Gabriel Kanter-Webber is a British rabbi. He received semichah in summer 2022, after training at Leo Baeck College, and is rabbi of Brighton and Hove Progressive Synagogue, succeeding Rabbi Elizabeth Tikvah Sarah who retired in 2021. His arrival in Brighton was covered by local news.

He also serves as chaplain to the University of Sussex.

Education and career
Kanter-Webber studied his undergraduate degree at the University of Sussex, during which time he was also headteacher of the Progressive Synagogue's cheder. After graduating from university, he spent a year as a youth worker for LJY-Netzer.

He previously sat on the Board of Deputies of British Jews.
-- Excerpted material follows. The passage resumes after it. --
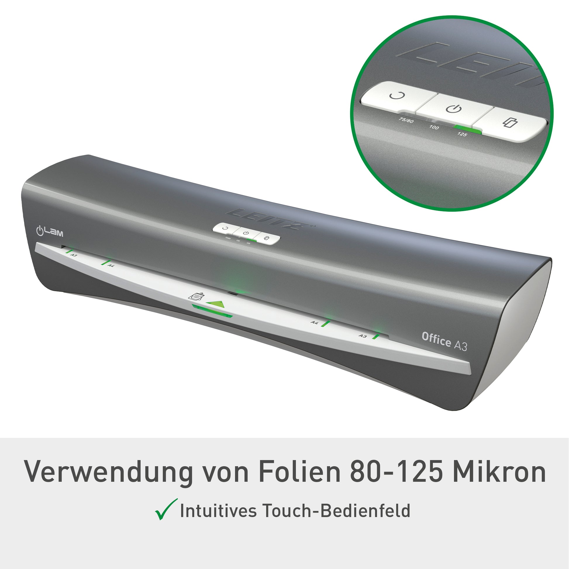 Entdecken Sie das Leitz Laminiergerät iLAM Office für DIN A3 - die perfekte Lösung für alle, die Dokumente, Fotos und wichtige Unterlagen professionell und langlebig schützen möchten. Mit diesem hochwertigen Laminiergerät erzielen Sie mühelos brillante Ergebnisse und verleihen Ihren Materialien eine ansprechende Optik. Das iLAM Office überzeugt durch seine benutzerfreundliche Handhabung und schnelle Aufheizzeit, sodass Sie im Handumdrehen mit dem Laminieren beginnen können. Dank der vielseitigen Einsatzmöglichkeiten ist es ideal für den Einsatz im Büro, in Schulen oder zu Hause. Ob für Präsentationen, kreative Projekte oder das Archivieren von Dokumenten - dieses Laminiergerät erfüllt alle Anforderungen. Die robuste Bauweise und die hohe Verarbeitungsqualität garantieren eine lange Lebensdauer, während die Möglichkeit, verschiedene Laminierfolien zu verwenden, Ihnen Flexibilität bei der Auswahl der gewünschten Stärke bietet. Zudem sorgt die gleichmäßige Wärmeverteilung für ein perfektes Laminierergebnis ohne Falten oder Blasen. Mit dem Leitz iLAM Office investieren Sie in ein zuverlässiges Gerät, das Ihnen hilft, Ihre Unterlagen optimal zu schützen und gleichzeitig einen professionellen Eindruck zu hinterlassen. Machen Sie Ihre Dokumente widerstandsfähig gegen Abnutzung und Feuchtigkeit und genießen Sie die Sicherheit, dass Ihre wichtigen Informationen bestens aufgehoben sind. Bestellen Sie jetzt und bringen Sie Ihre Laminierprojekte auf das nächste Level! Laminator mit schlankem Design und High Speed Vorheizen. Mit Freigabeschalter, um verklemmte Dokumente zu entnehmen. Mit indirekter Heizung über den Rollen. Niedriger Energieverbrauch, automatische Abschaltung nach 30 Minuten, wenn nicht im Gebrauch. LED-Bereitschaftsanzeige und Warnton. Empfohlen für die Verwendung mit Leitz UDT Folien. Leitz startet im Aktionszeitraum vom 01. Oktober bis 31. März 2026 eine Cashback-Kampagne auf ausgewählte Aktenvernichter und Laminiergeräte. Gehen Sie auf https://www.leitz.com/de-de/promotions/cashback, um Ihren Beleg einzureichen und zu sparen!

In 2015, Jewish News listed him as number 7 on their list of 25 young Jewish leaders to watch.

Kanter-Webber also officiated at Britain's first bar mitzvah for a non-binary teen and at the first Jewish burial in the city of York for 8 centuries.

His Leo Baeck College dissertation calls for abusive rabbis to have their rabbinic ordination taken away.

In 2022, he reported a Board of Deputies of British Jews member for making racist comments about Desmond Tutu, sparking a Board of Deputies investigation.

Personal life
Kanter-Webber is married with one son.

Publications
 The Antisemitic Rabbi Who Became a Priest: Well, maybe in Tablet
 Why Does God Get It Wrong? in European Judaism
 Thank You God For Not Making Me A Slave in Slavery-Free Communities (chapter written with Mia Hasenson-Gross)

Links
 Brighton and Hove Progressive Synagogue
 Gabrielquotes, Rabbi Kanter-Webber's website

References 

Living people
British Liberal rabbis
Alumni of Leo Baeck College
Alumni of the University of Sussex
Year of birth missing (living people)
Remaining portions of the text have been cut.